(Information provided Opens)

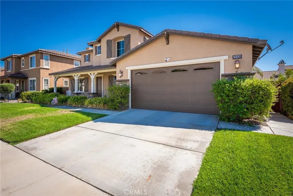 Charming Two-Story Home in Desirable Menifee Neighborhood Welcome to 28438 Beacon Bay Circle, a beautifully maintained two-story home located in a peaceful cul-de-sac in the heart of Heritage Lakes. This spacious residence offers stunning curb appeal with its modern stucco and stone exterior, upgraded shutters. You get to decide whether to use the inviting covered front or back porch, when its time for relaxing with your morning coffee or enjoying a glass of wine with those evening conversations. Step inside through the elegant front door and discover a well-designed floor plan featuring generous living spaces, abundant natural light, and tasteful finishes including crown molding throughout. The home includes 4 bedrooms and 3 bathrooms, ideal for families or those who enjoy hosting guests. A large, open-concept kitchen seamlessly connects to the living and dining areas, making entertaining effortless. The primary suite, Located downstairs features a luxurious en-suite bathroom with double sinks, a separate shower and soaking tub, dual walk-in closets. One additional bedroom and bathroom are downstairs, plus 2 bedrooms and a full bath upstairs offer flexibility for use as guest rooms, a home office, or a den. Make sure you peek under the stairs!! Additional highlights: Attached 2-car garage with a tandem spot for a 3rd car Beautifully landscaped front yard with lush greenery Energy-efficient windows and modern exterior lighting Located in a quiet and friendly neighborhood of Heritage Lakes Close to top-rated schools, parks, shopping, and freeway access Dont miss your op
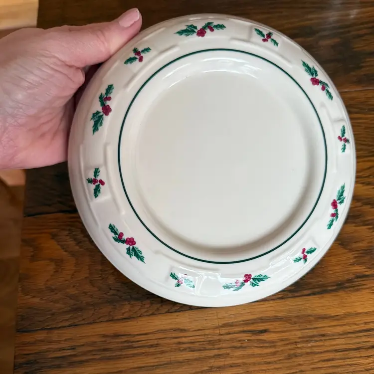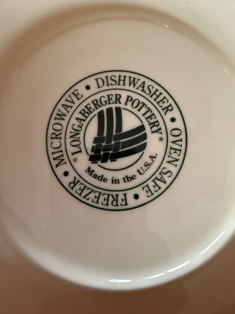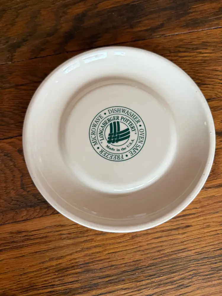 MEASUREMENTS Diameter: 7 inches Material: Longaberger Pottery Pattern: Holly (holly leaves & red berries) Color: Ivory with green trim Mark: Longaberger Pottery backstamp
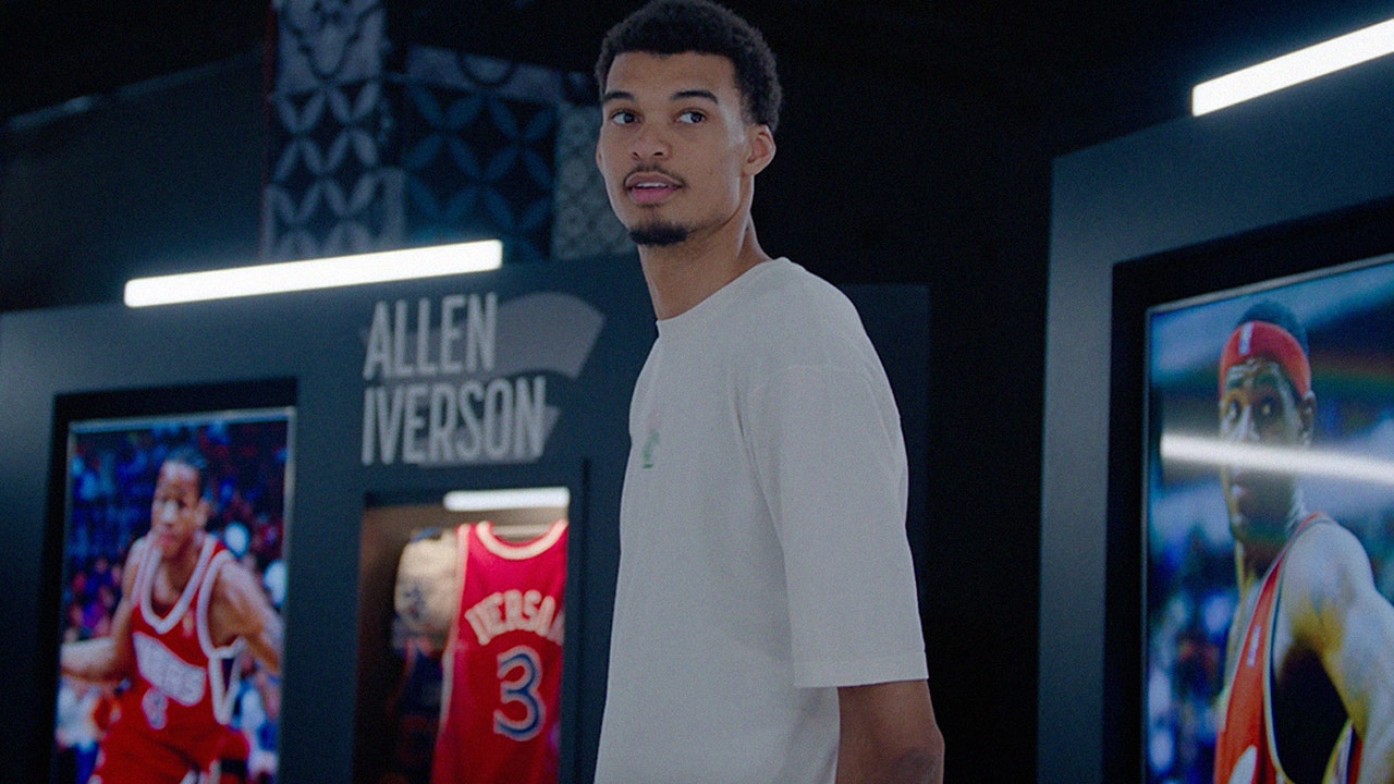 As Wembanyama began looking through the rookie cards of Allen Iverson, Shaquille O'Neal and Kevin Durant among others, the exhibit started to come to life. It began with Jason Kidd's voice being heard from his Dallas Mavericks case, where the mouth started to move on the screen.
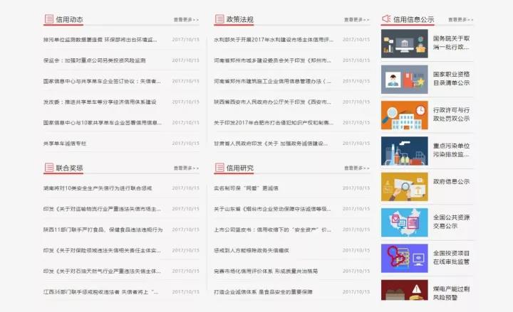 打開新版“信用中國”網(wǎng)站,《中國信用》雜志記者發(fā)現(xiàn)查詢類欄目、資訊類欄目、公示類欄目分區(qū)設(shè)置,更加突出權(quán)威性、及時性、互動性和可讀性。查詢類欄目包括統(tǒng)一社會信用代碼查詢、行政許可和行政處罰信息查詢、守信紅名單查詢、失信黑名單查詢、重點(diǎn)關(guān)注名單查詢等。資訊類欄目新設(shè)標(biāo)準(zhǔn)規(guī)范、信用公示、聯(lián)合獎懲、專項(xiàng)治理、誠信文化、城市信用、信用刊物、個人信用、風(fēng)險提示、信用大數(shù)據(jù)分析等。公示類欄目包括國家職業(yè)資格目錄清單、重點(diǎn)污染單位污染排放監(jiān)測信息、全國公共資源交易信息等十余個公示專區(qū)。欄目內(nèi)容和信息將即時更新。
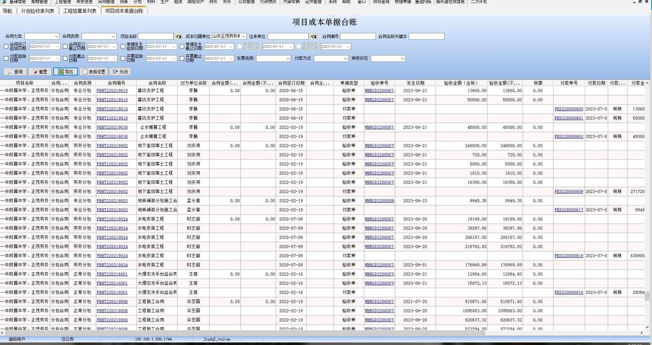 1、項目成本單據臺賬表金額類字段增加腳標匯總。
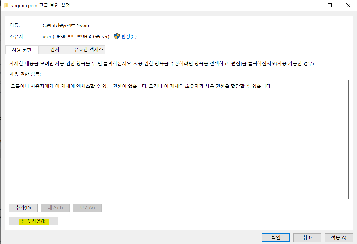: 해당하는 암호화키(.pem)는 윈도우 cmd에서 다루기 쉬운 C:\Intel 로 위치시켰다. 암호화키의 접근 권한에 대해 아래와 같이 설정한다. (리눅스로 따지면 chmod 400 작업)
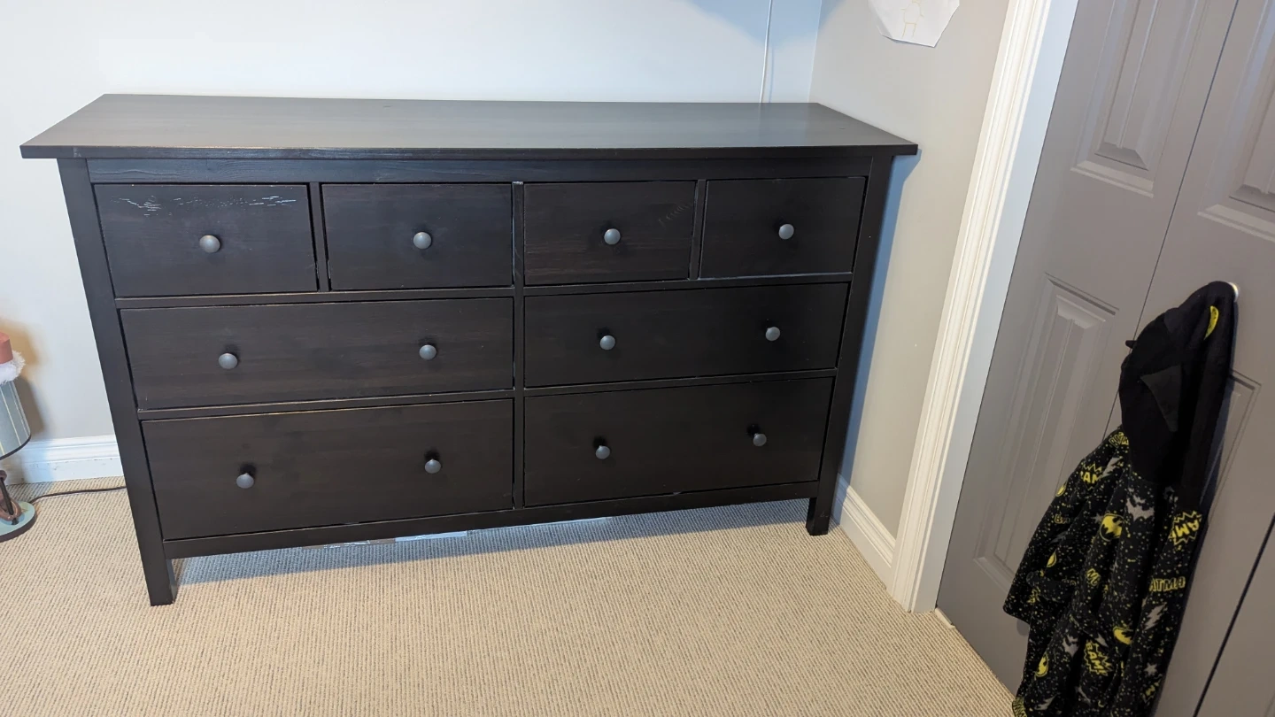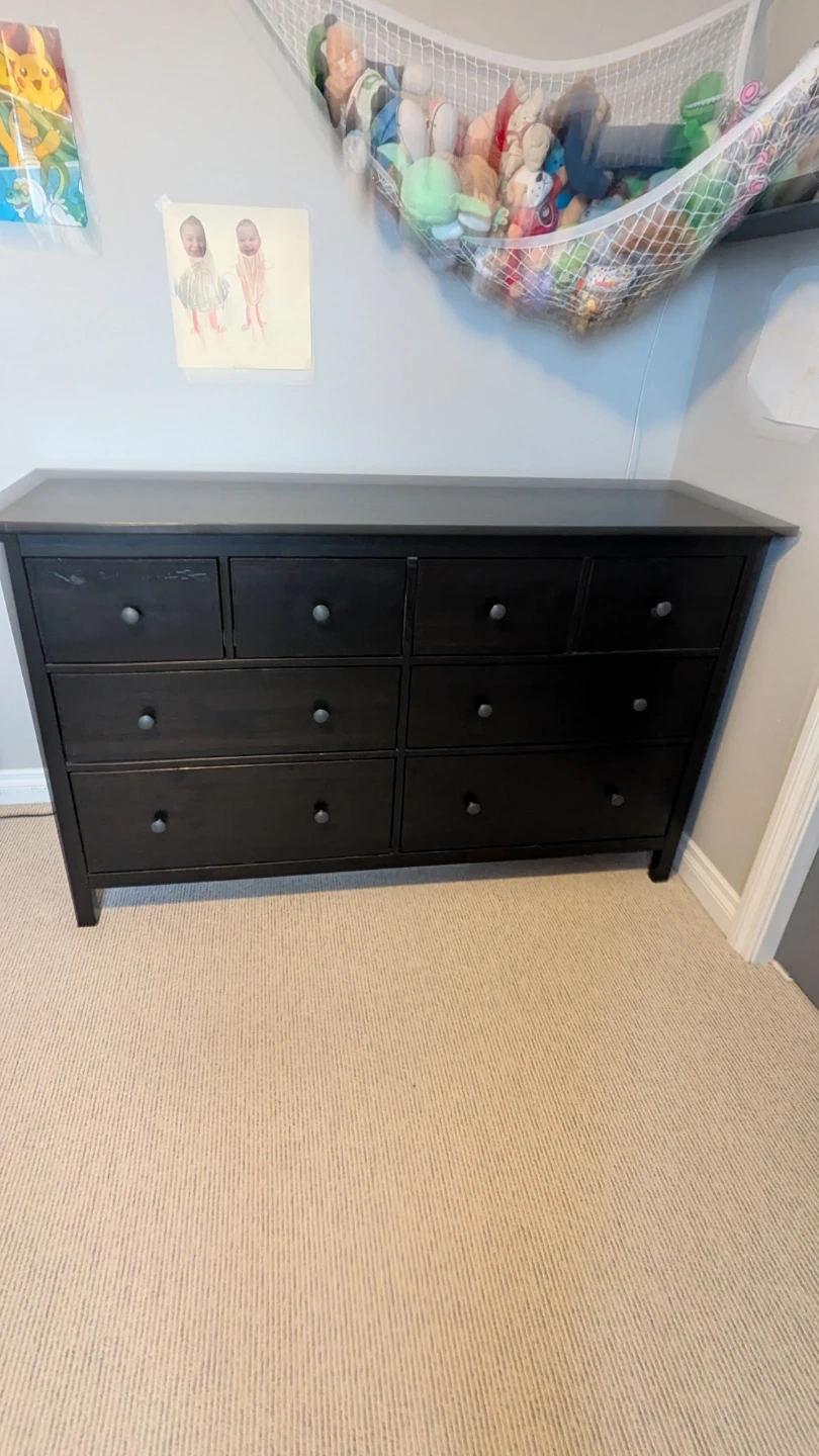 This is a black dresser with seven drawers. It has two rows of drawers; the top row has four smaller drawers, and the bottom row has three larger drawers. It's perfect for organizing clothes or other bedroom items.

(Information provided Closes)

● **Exercise instructions**
Every entry should be returned exactly as written, minus the pictures.

● **Response area**
 Charming Two-Story Home in Desirable Menifee Neighborhood Welcome to 28438 Beacon Bay Circle, a beautifully maintained two-story home located in a peaceful cul-de-sac in the heart of Heritage Lakes. This spacious residence offers stunning curb appeal with its modern stucco and stone exterior, upgraded shutters. You get to decide whether to use the inviting covered front or back porch, when its time for relaxing with your morning coffee or enjoying a glass of wine with those evening conversations. Step inside through the elegant front door and discover a well-designed floor plan featuring generous living spaces, abundant natural light, and tasteful finishes including crown molding throughout. The home includes 4 bedrooms and 3 bathrooms, ideal for families or those who enjoy hosting guests. A large, open-concept kitchen seamlessly connects to the living and dining areas, making entertaining effortless. The primary suite, Located downstairs features a luxurious en-suite bathroom with double sinks, a separate shower and soaking tub, dual walk-in closets. One additional bedroom and bathroom are downstairs, plus 2 bedrooms and a full bath upstairs offer flexibility for use as guest rooms, a home office, or a den. Make sure you peek under the stairs!! Additional highlights: Attached 2-car garage with a tandem spot for a 3rd car Beautifully landscaped front yard with lush greenery Energy-efficient windows and modern exterior lighting Located in a quiet and friendly neighborhood of Heritage Lakes Close to top-rated schools, parks, shopping, and freeway access Dont miss your op
 MEASUREMENTS Diameter: 7 inches Material: Longaberger Pottery Pattern: Holly (holly leaves & red berries) Color: Ivory with green trim Mark: Longaberger Pottery backstamp
 As Wembanyama began looking through the rookie cards of Allen Iverson, Shaquille O'Neal and Kevin Durant among others, the exhibit started to come to life. It began with Jason Kidd's voice being heard from his Dallas Mavericks case, where the mouth started to move on the screen.
 打開新版“信用中國”網(wǎng)站,《中國信用》雜志記者發(fā)現(xiàn)查詢類欄目、資訊類欄目、公示類欄目分區(qū)設(shè)置,更加突出權(quán)威性、及時性、互動性和可讀性。查詢類欄目包括統(tǒng)一社會信用代碼查詢、行政許可和行政處罰信息查詢、守信紅名單查詢、失信黑名單查詢、重點(diǎn)關(guān)注名單查詢等。資訊類欄目新設(shè)標(biāo)準(zhǔn)規(guī)范、信用公示、聯(lián)合獎懲、專項(xiàng)治理、誠信文化、城市信用、信用刊物、個人信用、風(fēng)險提示、信用大數(shù)據(jù)分析等。公示類欄目包括國家職業(yè)資格目錄清單、重點(diǎn)污染單位污染排放監(jiān)測信息、全國公共資源交易信息等十余個公示專區(qū)。欄目內(nèi)容和信息將即時更新。
 1、項目成本單據臺賬表金額類字段增加腳標匯總。
: 해당하는 암호화키(.pem)는 윈도우 cmd에서 다루기 쉬운 C:\Intel 로 위치시켰다. 암호화키의 접근 권한에 대해 아래와 같이 설정한다. (리눅스로 따지면 chmod 400 작업)
 This is a black dresser with seven drawers. It has two rows of drawers; the top row has four smaller drawers, and the bottom row has three larger drawers. It's perfect for organizing clothes or other bedroom items.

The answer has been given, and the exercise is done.